# Distance to Boomvang



## PTH (Aug 22, 2006)

We fish out of South Padre. Does anyone know how far away this floater is from SPI. If someone can give me the coordinates I will appreciate it. Im trying to see how far north we have to trailer the boat from the RGV to get closer to the rig. I read about it so much on this site and I definately want to make a trip out there. Thanks


----------



## KG2 (Nov 15, 2006)

Im not sure its something like 100 from freeport and 145 out of pt a i think....u got clyde beaudroux right in your backyard though im not sure how soon its leving though...


----------



## STxFisherman (Jan 15, 2006)

I believe that these are the coords for Boomvang....
N27 21.197 W94 36.760

The Boomvang rig is about 184 statute miles from SPI jetties....
160 mi from Packery Channel Jetties
153 mi from Port Aransas Jetties
116 mi from Freeport Jetties


----------



## shanker (Jan 15, 2006)

I thought that Boomvang was only 105 miles from Port-A, 184 miles is a LONG WAY!


----------



## SkeeterRonnie (Aug 11, 2005)

i know- its not the right rig. but you can estimate with a ruler..


----------



## SkeeterRonnie (Aug 11, 2005)

you'd be crazy not to fish Boudreaux while its still there...


----------



## Tx Grizzly (Mar 3, 2006)

Skeeter, thats a cool map...where did you get that?


----------



## Batboy0068 (Oct 10, 2006)

skeeter tell us where you got that map thats is way cool


----------



## STxFisherman (Jan 15, 2006)

It's not 180 miles from Port A....it's 153 statute miles, (133 nautical miles).


----------



## Formula4Fish (Apr 24, 2007)

Tx Grizzly and Batboy0068,

The map data comes from Shawn Vickers, aka Didjman on 2Cool. He distributes the data with the shareware version of Global Mapper, the program that is used to display the data.

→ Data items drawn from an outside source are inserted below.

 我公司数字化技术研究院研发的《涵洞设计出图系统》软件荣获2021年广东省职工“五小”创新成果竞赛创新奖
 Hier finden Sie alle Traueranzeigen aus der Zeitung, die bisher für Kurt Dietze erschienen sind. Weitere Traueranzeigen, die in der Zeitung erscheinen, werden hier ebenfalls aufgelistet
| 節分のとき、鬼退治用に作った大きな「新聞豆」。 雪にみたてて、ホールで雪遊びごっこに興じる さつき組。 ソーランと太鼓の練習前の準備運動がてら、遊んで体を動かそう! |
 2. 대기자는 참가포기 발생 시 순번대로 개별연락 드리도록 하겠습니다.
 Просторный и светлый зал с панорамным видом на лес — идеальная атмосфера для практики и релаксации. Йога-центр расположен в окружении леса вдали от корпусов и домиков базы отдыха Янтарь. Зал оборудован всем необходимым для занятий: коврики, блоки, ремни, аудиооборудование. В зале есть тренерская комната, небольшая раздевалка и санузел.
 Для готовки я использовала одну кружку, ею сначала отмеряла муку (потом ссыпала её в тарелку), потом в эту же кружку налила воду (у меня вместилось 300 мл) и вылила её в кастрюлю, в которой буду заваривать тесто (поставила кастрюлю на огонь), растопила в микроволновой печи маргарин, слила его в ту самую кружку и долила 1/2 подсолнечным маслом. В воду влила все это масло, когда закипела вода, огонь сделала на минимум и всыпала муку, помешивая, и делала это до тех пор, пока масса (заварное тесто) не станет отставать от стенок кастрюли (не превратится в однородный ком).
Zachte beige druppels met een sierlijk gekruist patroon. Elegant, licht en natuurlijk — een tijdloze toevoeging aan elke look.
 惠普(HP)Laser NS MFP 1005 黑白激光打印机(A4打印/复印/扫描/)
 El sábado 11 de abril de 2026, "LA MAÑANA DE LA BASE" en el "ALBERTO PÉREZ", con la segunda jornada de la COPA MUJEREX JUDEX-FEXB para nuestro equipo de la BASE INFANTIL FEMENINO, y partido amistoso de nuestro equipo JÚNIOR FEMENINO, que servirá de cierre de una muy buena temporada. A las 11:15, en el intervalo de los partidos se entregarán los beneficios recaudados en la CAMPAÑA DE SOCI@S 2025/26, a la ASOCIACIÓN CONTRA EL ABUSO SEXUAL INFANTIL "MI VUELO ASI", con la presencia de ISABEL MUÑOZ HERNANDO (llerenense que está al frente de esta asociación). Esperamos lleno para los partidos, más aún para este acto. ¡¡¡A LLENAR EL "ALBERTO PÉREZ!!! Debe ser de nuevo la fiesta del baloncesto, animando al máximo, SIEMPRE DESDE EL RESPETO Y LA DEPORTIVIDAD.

The data can be obtained at http://www.kivaconsulting.com/fishing_maps.htm

Global Mapper can be obtained at http://www.globalmapper.com/


----------



## PTH (Aug 22, 2006)

*2cool is too cool*

First of all, I would like to welcome Knot Gillty to 2cool. He joined last night and he is totally blown away by the generousity of the members. I thank you guys for sharing your information with me. It is exactly what I told Knot Gillty that he would find on this site. Skeeter, that is definately an awesome presentation. Thanks for taking the time. I really appreciate it.


----------



## SkeeterRonnie (Aug 11, 2005)

LOL!! in all due respect.. I just right clicked on that map one day and copied it...


----------